Florida Atlantic University now offers a course titled “Flip the Script”, which aims to reduce sexual assault on campus. It is estimated that undergraduate women have a greater than one-in-10 chance of experiencing rape or attempted rape. Flip the Script teaches these women to look for the signs that could lead to rape as well as how to prevent it. The course boasts impressive statistics, having been found to be responsible for a 31 percent reduction in rape. Even so, it is a form of victim blame.

As we all know, in the UK and America, classes aimed at tackling sexual assault have become all the rage among liberals. Huge numbers of young men are now encouraged to take consent classes to learn about the nuances of sexual communication. Perhaps some blokes need such lessons, but Flip the Script takes us in a direction that we should not welcome.

No one should have to take lessons in how not to get raped. This is no more sophisticated than telling girls not to wear skirts on a night out, or flirt with the guy by the bar. It puts the onus onto potential victims to ensure that they are not attacked. It suggests that the main thing between getting raped and not raped is knowledge. It literally says “you can flip the script”, as if getting raped was a choice of destiny.

Furthermore, sexual-assault reduction classes could cause serious psychological harm to victims. Imagine if you did not have time, or the inclination, to take one of these courses (Flip the Script is 12 hours long). The implication could be that you could have done something to stop this from happening. This is a horrible idea for victims to have to contemplate.

Again, people should not have to do courses to stop themselves being raped, nor should anyone assume that awareness training can stop the chances of being assaulted. It may merely be that awareness training encourages segregation of the sexes, which lessens the chance of these attacks.

The proliferation of these courses is no good thing. Not only do they victim blame, but they potentially exaggerate the level of campus assaults, scaring off young women who might want to go to university.

Having been an undergraduate only eight years ago, the furore around consent has always looked utterly hysterical to me. On behalf of a few bad men, we now talk down to the whole male population as if they’re predators, encouraging their rehabilitation by way of ‘consent classes’, which appear to teach common sense.

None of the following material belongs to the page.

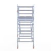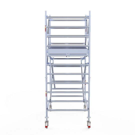 190 cm: Dit is de kleinste standaardmaat voor rolsteigers. Uitzonderingen zijn extra compacte kamersteigers of 1-persoonssteigers, die vaak platformlengtes van 120, 140 of 165 cm hebben. De 190 cm-variant wordt veel gebruikt bij kamersteigers en biedt voldoende ruimte om alleen comfortabel te werken.
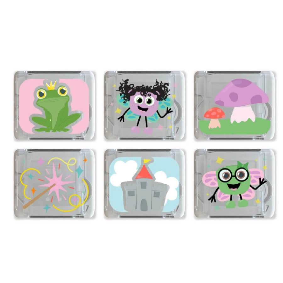 Wyrusz w magiczną podróż do świata rodem z baśni. Na każdej kostce pojawia się inny czarujący motyw – od uśmiechniętych wróżek, przez lśniący zamek unoszący się wśród chmur, aż po migoczącą różdżkę, która potrafi odmienić każdą chwilę zabawy w niezwykłą przygodę. To idealny zestaw dla dzieci kochających bajkowy klimat, świat fantazji i kreatywną zabawę.

Campus assaults are often portrayed as epidemic, but I believe this is because we’ve conflated serious attacks with the results of sexual miscommunication, mostly caused by alcoholic inebriation. It has been found that alcohol is involved in 96 percent of college sexual assaults. The UK and US have dreadful drinking cultures, so it is no wonder that sexual relations have deteriorated, which by their very nature require the cognisance of both partiesThis is not the whole picture, but cut booze out of the equation and we might be looking at a completely different profile of life on campus.